A hacker has claimed to have stolen the personal information of around seven million Israelis by intercepting the website used by municipalities. If the claims are valid, the hack would be one of the most severe breaches of privacy in Israel’s history.
The attacker stated he stole the data from the CITY4U website, which is used by local authorities in Israel to process payments such as property taxes, fines and utility bills.
The National Cyber Directorate announced it was investigating the hacker’s claims, but that the document leak was likely old information.
The attacker first claimed to have hacked Israeli municipalities on Sunday in a post on the Telegram messaging application. Starting Monday, he released images of documents he noted backed up his claims, including Israeli identity cards, driver’s licenses and tax bills. The documents were sent out on Telegram and online hacking forums.

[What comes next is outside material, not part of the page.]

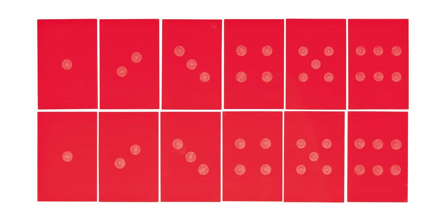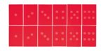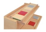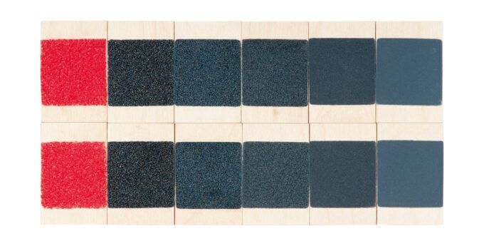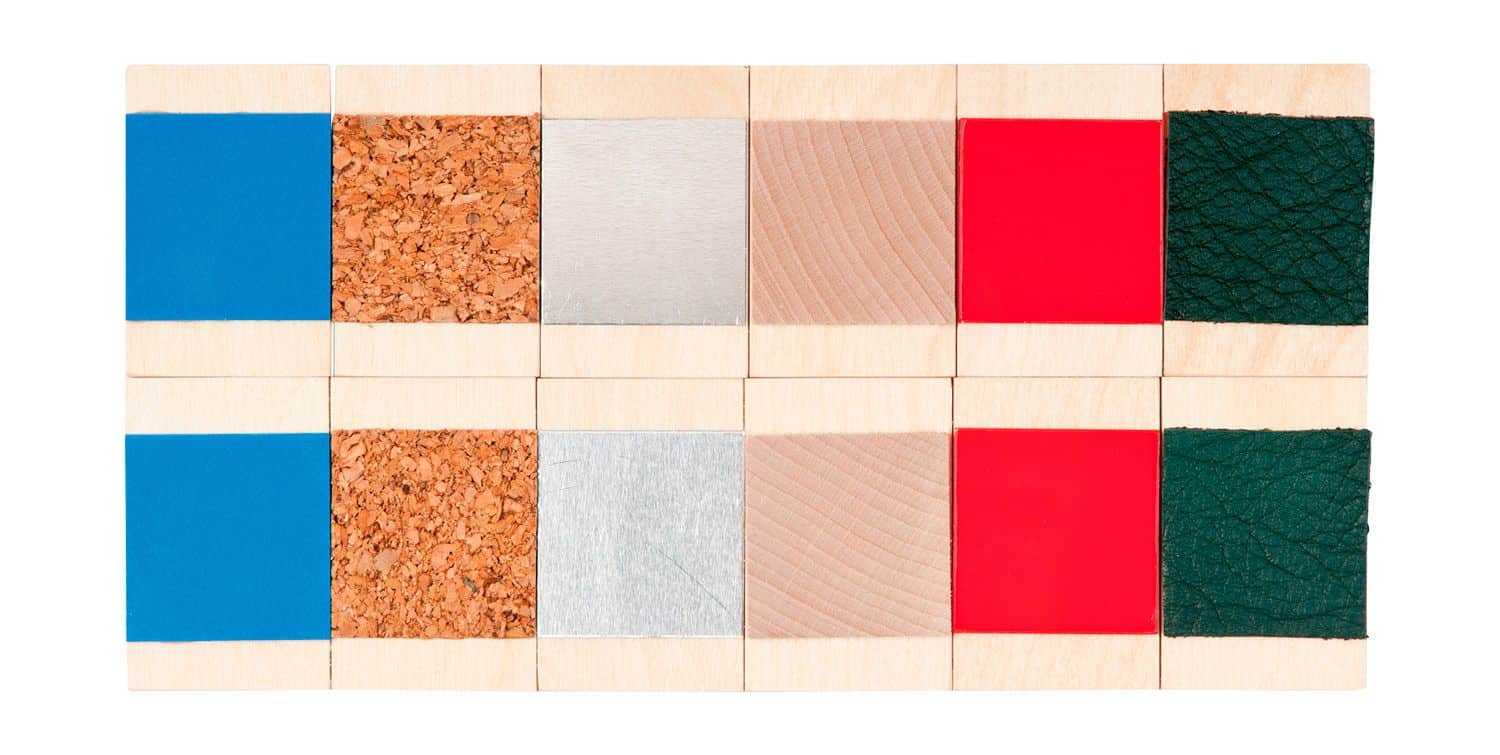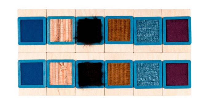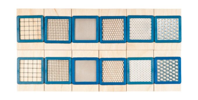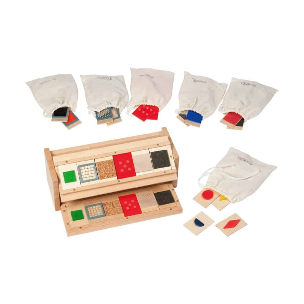 - 6 Sets von Plättchen mit je 6 Materialpaaren (Textilstrukturen, Würfelaugen, Sandpapier, Gitterstrukturen, Geoformen, glatte Oberflächen)
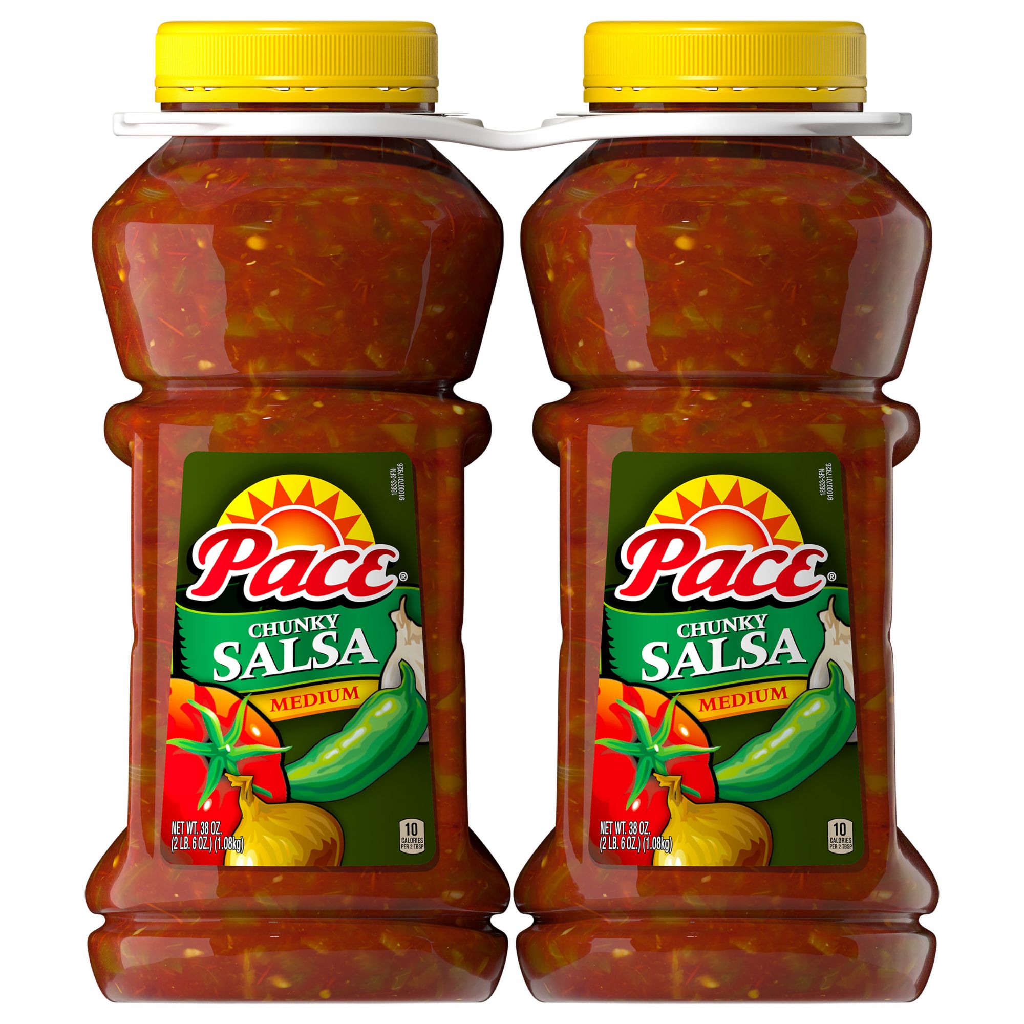 Pace Chunky Salsa, Medium (38 oz., 2 ct.) - Sam's Club 38 oz. easy-to-pour plastic bottle, 10 calories per serving, about 38 servings per bottle; Add on top of any dish with easy-to-pour jar, perfect for Taco Night! ... When it comes to Pace® salsa, jalapeños are king. In our Pace Thick & Chunky Medium Salsa, tomatoes, hand-picked jalapeno peppers and onions come together to pack bold Southwest ...

The attacker offered the data for sale without disclosing the asking price, and hinted he may reveal more information in the coming days.
If this is the truth – it could be one of the biggest and most significant hacks in Israeli history.
The alleged attack appears similar to a hack of Israel’s Shirbit insurance company last year and comes amid a global uptick in ransomware attacks.
In the Shirbit attack, a hacking group calling itself Black Shadow broke into the insurance firm, stealing client details and demanding a ransom or it would publish the data to the internet. The company refused to pay and the hackers later said they had sold the information on the dark web.